Give parents ‘the right to pry on Facebook’
PARENTS should be made to sign contracts compelling them to monitor their children’s Facebook messages, the coroner in the Ann Maguire murder inquest has claimed.
Under proposals due to be presented to Matt Hancock, the digital minister, parents would be given the right to pry on their children’s accounts because their “responsibility transcends” a teenager’s “entitlement to privacy”.
The suggestions would also require children aged 13 to 18 to have a named parent on their application to open an account, and make parents contractually obliged to monitor their messages.
Kevin Mcloughlin, the coroner, outlined the proposals yesterday as a jury ruled that the murder of Ann Maguire, a Spanish teacher, could have been prevented.

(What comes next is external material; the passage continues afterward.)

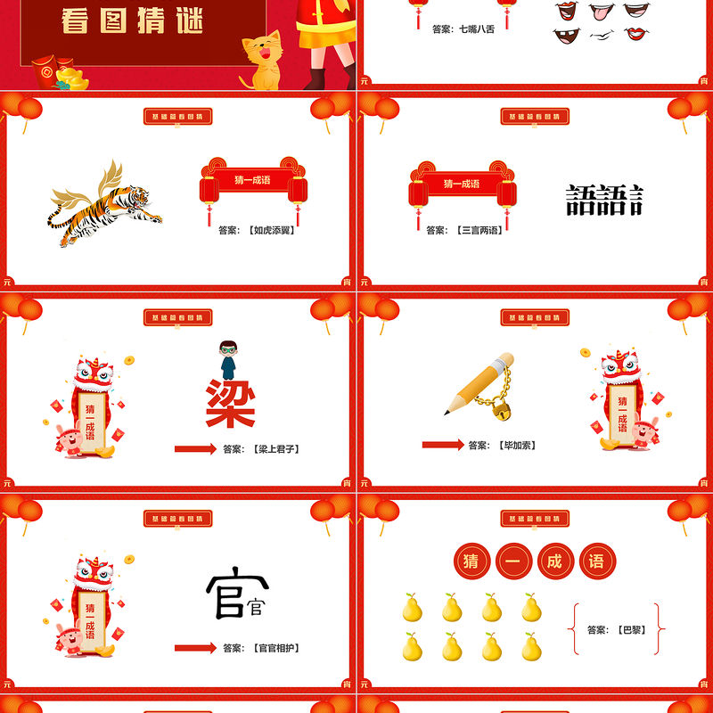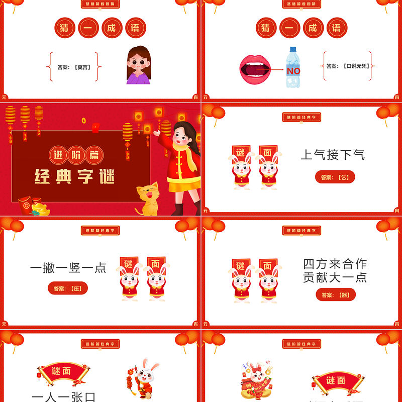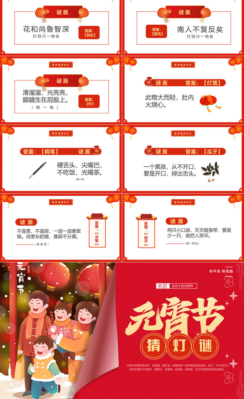 元宵節猜燈謎PPT精美創意團團圓圓鬧元宵下載 Array

Delivering a conclusion of unlawful killing, the jury at Wakefield coroner’s court said that the 61-yearold’s death had resulted from “missed opportunities to share and record the problem behaviour” of her killer.
Mrs Maguire, an employee of Corpus Christi College, Leeds, was stabbed to death by Will Cornick, a pupil, during a lesson at the school on April 28 2014.

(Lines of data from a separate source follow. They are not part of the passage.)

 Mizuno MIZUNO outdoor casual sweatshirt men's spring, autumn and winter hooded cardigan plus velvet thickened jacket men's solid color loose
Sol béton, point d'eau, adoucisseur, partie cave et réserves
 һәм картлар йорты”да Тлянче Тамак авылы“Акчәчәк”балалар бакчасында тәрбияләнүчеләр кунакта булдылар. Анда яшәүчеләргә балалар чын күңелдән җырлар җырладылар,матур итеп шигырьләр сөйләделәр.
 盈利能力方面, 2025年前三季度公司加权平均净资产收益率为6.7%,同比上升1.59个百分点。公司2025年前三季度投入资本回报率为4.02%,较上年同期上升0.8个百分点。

The inquest jury heard that Cornick, then 15, had exchanged a series of messages on Facebook with friends in which he professed his hatred for Mrs Maguire and his desire to harm her.

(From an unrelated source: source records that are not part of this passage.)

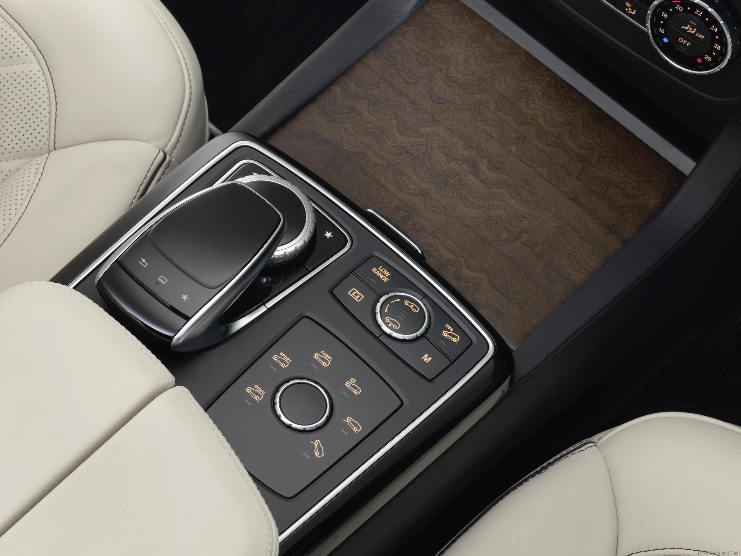 With DYNAMIC SELECT, the new GLS provides up to six transmission modes. In addition to the settings COMFORT, SLIPPERY and SPORT, with the DYNAMIC SELECT Controller in the center console, the driver can additionally choose INDIVIDUAL or an OFF-ROAD mode. If the GLS model is equipped with the optional Off-Road Engineering package, OFF-ROAD+ mode is also available. With this, the low-range gearbox and center differential lock intervene if necessary in order to ensure a high degree of drivability in demanding off-road terrain. This is further boosted by the extended functions of the AIRMATIC air suspension with raised ride heights for a ground clearance of up to 12.5 inches (306 mm) and a fording depth of up to 23.6 inches (600 mm).
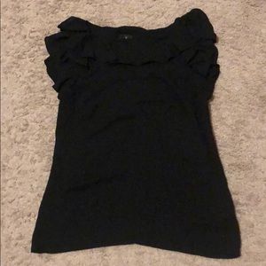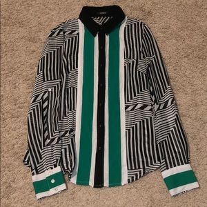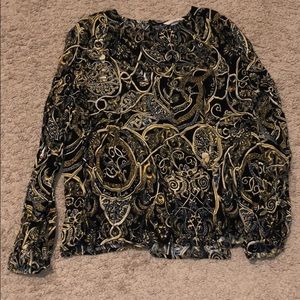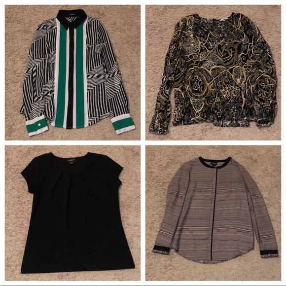 Good condition. The all black shirt is Liz Claiborne size S. The gold chain shirt is H&M size 8. The pink and gold stripe shirt is Liz Claiborne size S tall. The green and white shirt is mesh (see through) size M. The all black shirt with the ruffle sleeves is Worthington size S
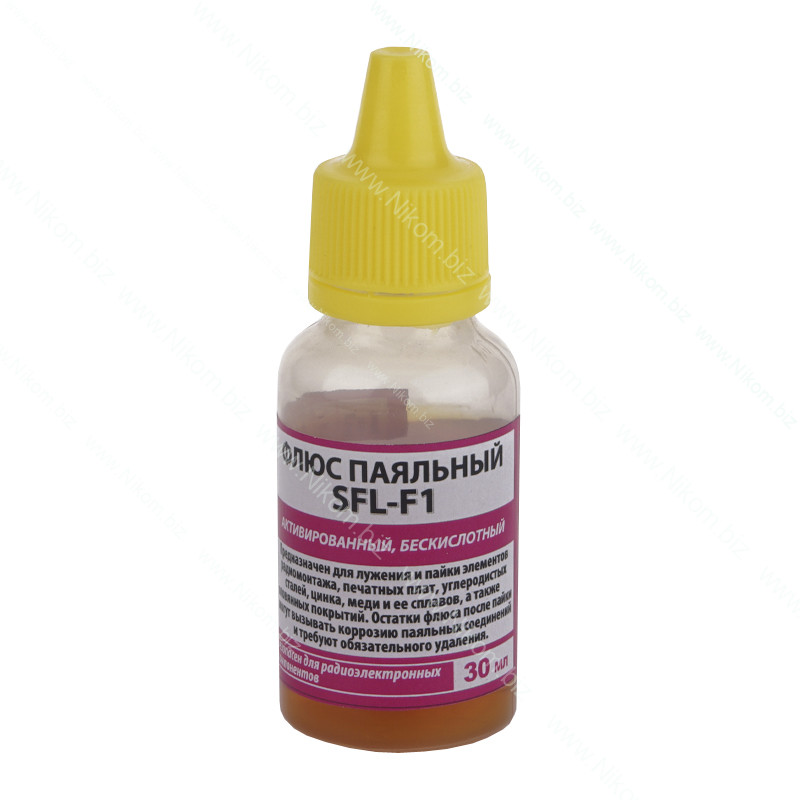 Флюс SFL-F1 предназначен для лужения и пайки элементов радиомонтажа, печатных плат, углеродистых сталей, цинка, меди и ее сплавов, а также оловянных покрытий.
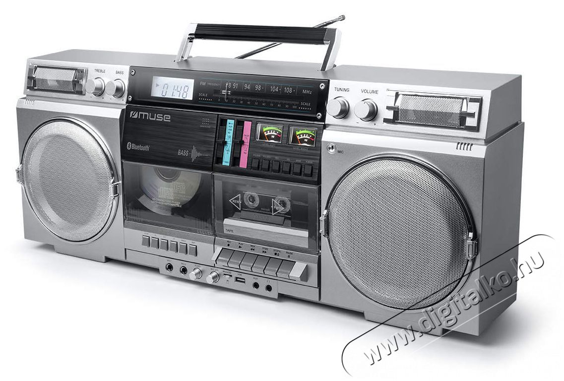 A kiváló MUSE rádiómagnó és felszereltségeA felkínált magnó felszereltsége gondoskodik a lehető legkellemesebb zenei élményről. A fejhallgatós rádió- vagy zenehallgatást a kötelező 3,5 mm-es csatlakozó teszi lehetővé. A praktikus USB bemenetnek köszönhetően feltölthetsz pl. egy mobiltelefont. A vezeték nélküli adatátvitelt a kifejezetten felhasználóbarát Bluetooth interfész biztosítja. Nem elterjedt, de praktikus a kisebb bemenet a Micro SD kártya számára. A helyzettől függően hálózati és elemes tápellátást is lehet használni, úgyhogy nem gond az elhelyezése, ráadásul bármilyen helyre, vagy választhatod az elektromos csatlakozó biztonságát. Az elsőrangú MUSE rádiómagnó mérete 271 × 670 × 171 mm (ma × sz × mé). Ezüst színben készítették. A megfelelő működéshez 8 góliát (D) fajtájú elem kell.
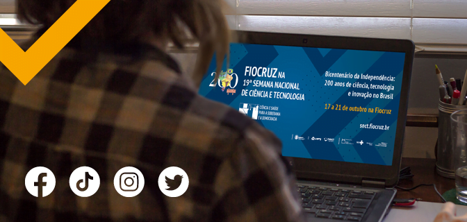 Quer ficar por dentro da SNCT? Acompanhe nossas atividades pelo Instagram, Facebook, Twitter e TikTok oficiais da Fiocruz.
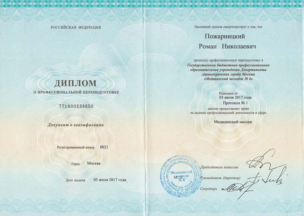 Диплом о профессиональной переподготовке, Москва, 2017. Выдан Медицинским колледжем №6 Департамента здравоохранения города Москвы. Подтверждает право на ведение профессиональной деятельности в сфере «медицинский массаж».
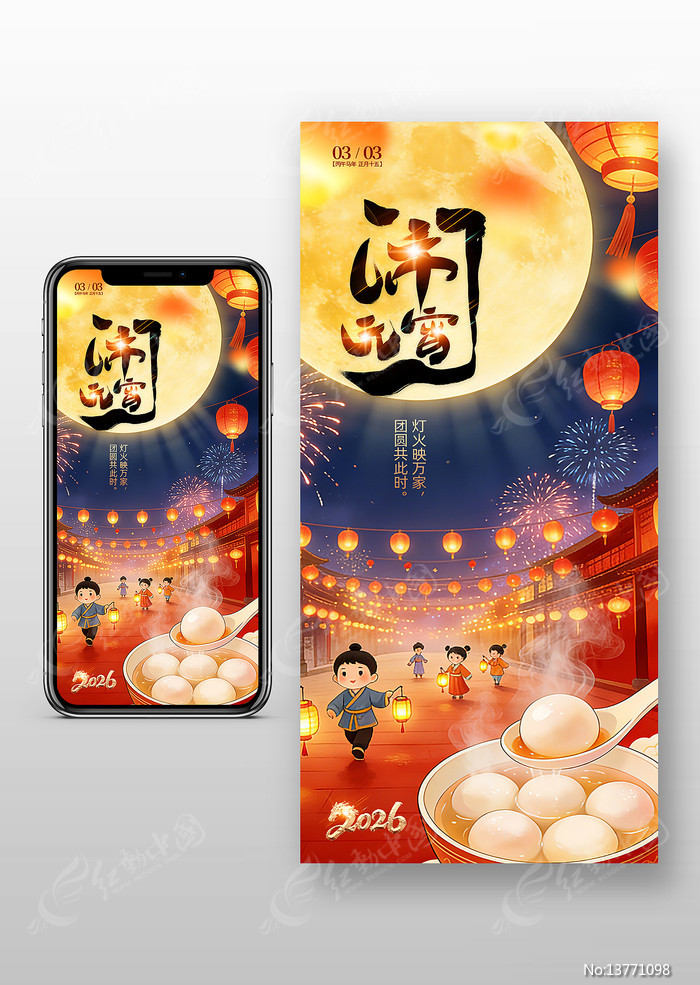 红动中国提供原创2026马年元宵节海报正月十五元宵节海报下载,作品以元宵节背景为主题而设计,可作为2026闹元宵,元宵节背景,元宵节促销,元宵节海报,元宵节宣传等主题图片使用,2026马年元宵节海报正月十五元宵节海报,编号13771098,格式PSD,尺寸440x950毫米,大小29.09 MB,欢迎会员进行下载。
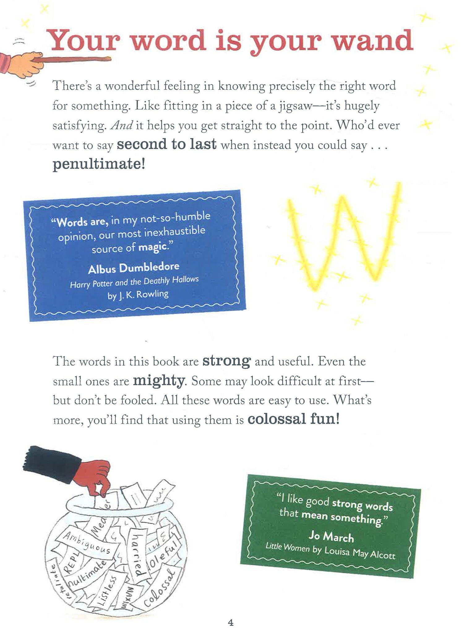 From Ambiguous to Zealous, the words in this book are for 7-to-12-year-olds. It may seem inconceivable for one book to encompass such a wide age span! But in fact, inconceivable – and all the other words in this book – were selected from vocabulary lists intended for older children, so that younger children can challenge themselves and discover a wealth of great new words!

In statements following Mrs Maguire’s murder, Cornick’s parents claimed they had no prior knowledge of their son’s intentions.
Commenting on the disclosures, Mr Mcloughlin said that Cornick’s online threats had been “sinister and grotesque”, adding that he believed that “parents have a responsibility to protect children”.
In order to do this, he said that they should be given “access to supervise content”.